■ GIVEN DATA ■
= = =

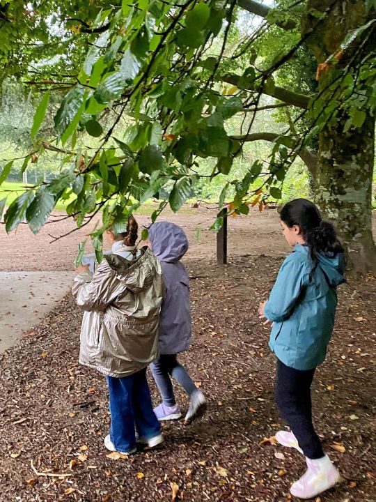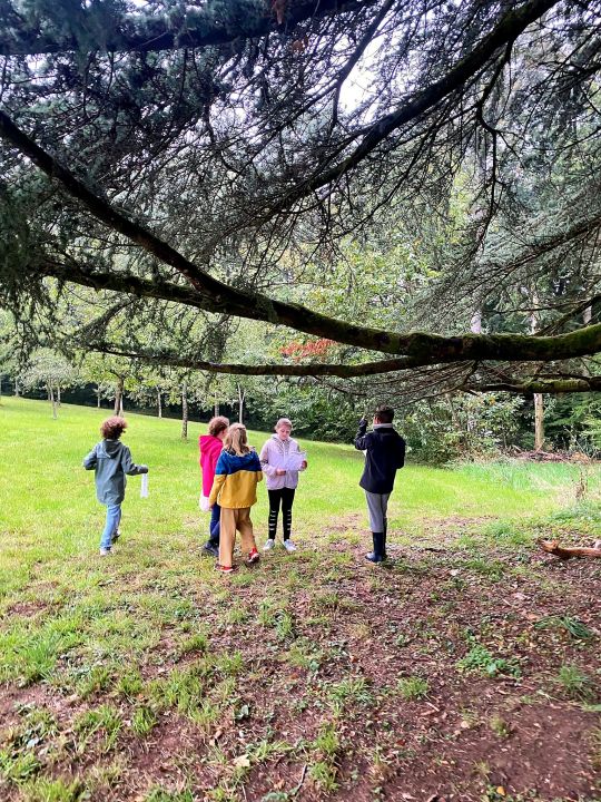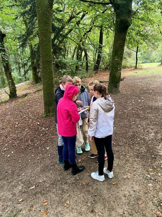 La première, en lien avec le programme des sciences consistait pour les élèves, par groupes de 5, en une recherche des différentes sortes d'arbres qui composent le bois de Kerozer. Pour cela, ils ont utilisé une clé de détermination, que l'on peut trouver sur le site de l'ONF (Office National des Forêts).
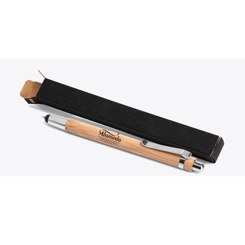 Descrição: Caneta Ecológica de Bambu com detalhes prata. Clip de metal, aciona por clique. Caneta esferografica em Bambu com ponta touch. Possui detalhes em plástico e ferro cromado; carga esferográfica azul, acionada com um click.
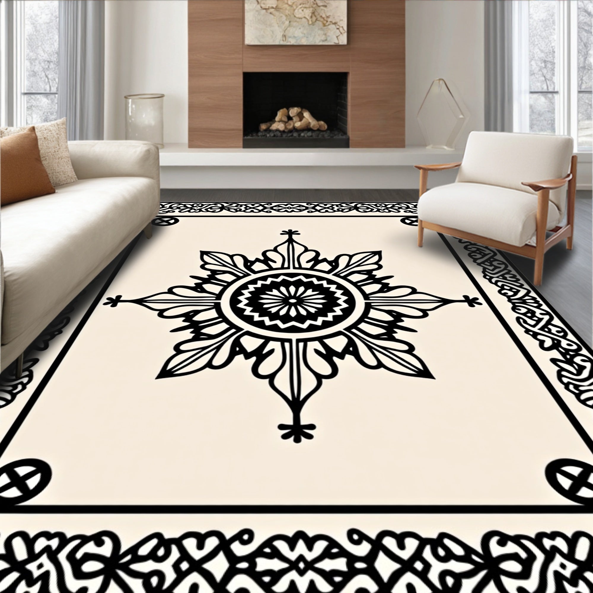 Velvety Inspired Medallion with Intricate Borders (Beige)
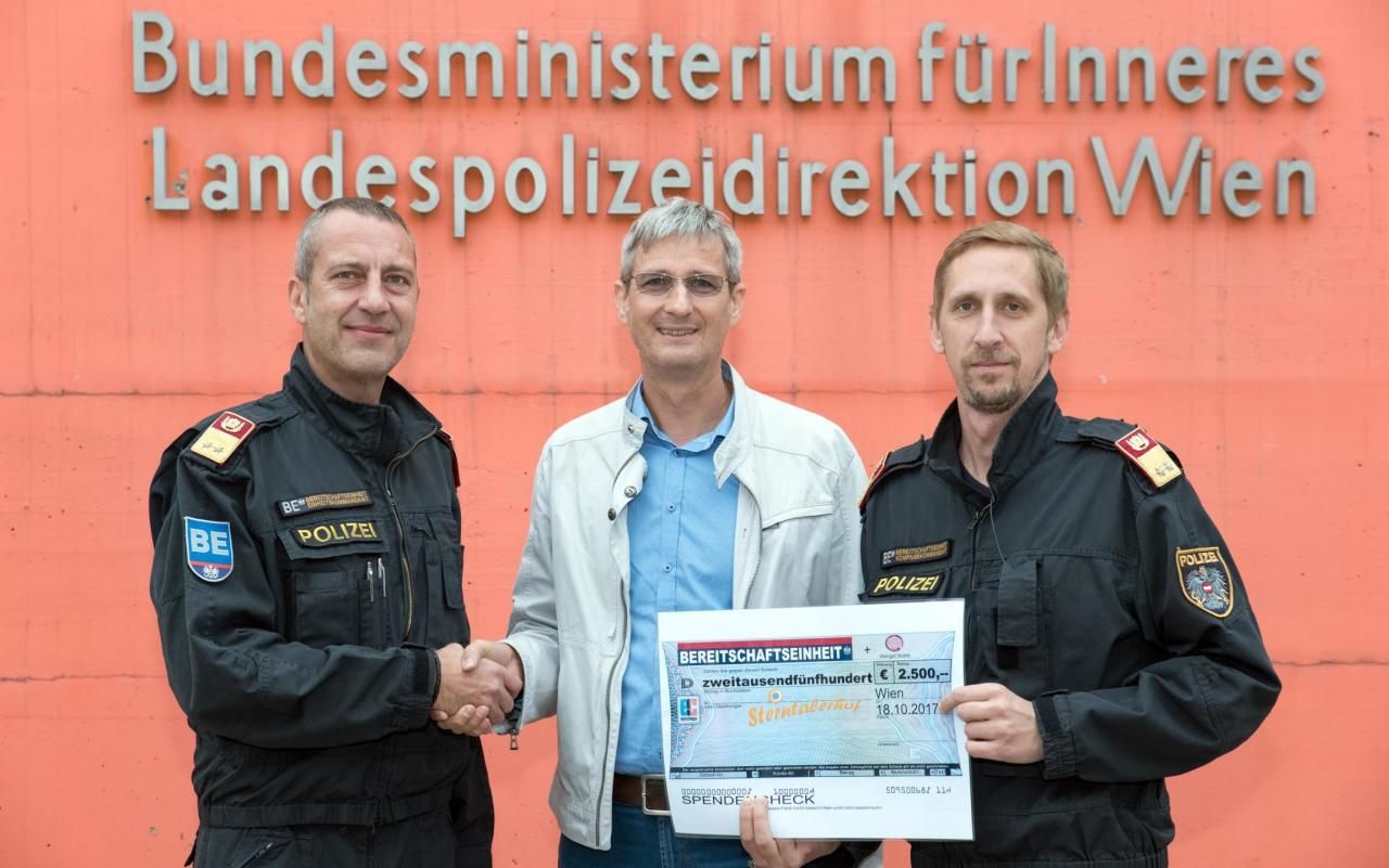 Kommandant der Bereitschaftseinheit, Oberstleutnant Ihle (links) und sein Stellvertreter Oberstleutnant Lischka (rechts) überreichen Mag. Harald Jankovits von der Kinderhospiz Sterntalerhof den Spendenscheck in Höhe von 2500 Euro.

= = =

■ YOUR INSTRUCTIONS ■
In your copy, reproduce the data above exactly and skip every picture.

■ SOLUTION FOR THIS PROBLEM ■
 La première, en lien avec le programme des sciences consistait pour les élèves, par groupes de 5, en une recherche des différentes sortes d'arbres qui composent le bois de Kerozer. Pour cela, ils ont utilisé une clé de détermination, que l'on peut trouver sur le site de l'ONF (Office National des Forêts).
 Descrição: Caneta Ecológica de Bambu com detalhes prata. Clip de metal, aciona por clique. Caneta esferografica em Bambu com ponta touch. Possui detalhes em plástico e ferro cromado; carga esferográfica azul, acionada com um click.
 Velvety Inspired Medallion with Intricate Borders (Beige)
 Kommandant der Bereitschaftseinheit, Oberstleutnant Ihle (links) und sein Stellvertreter Oberstleutnant Lischka (rechts) überreichen Mag. Harald Jankovits von der Kinderhospiz Sterntalerhof den Spendenscheck in Höhe von 2500 Euro.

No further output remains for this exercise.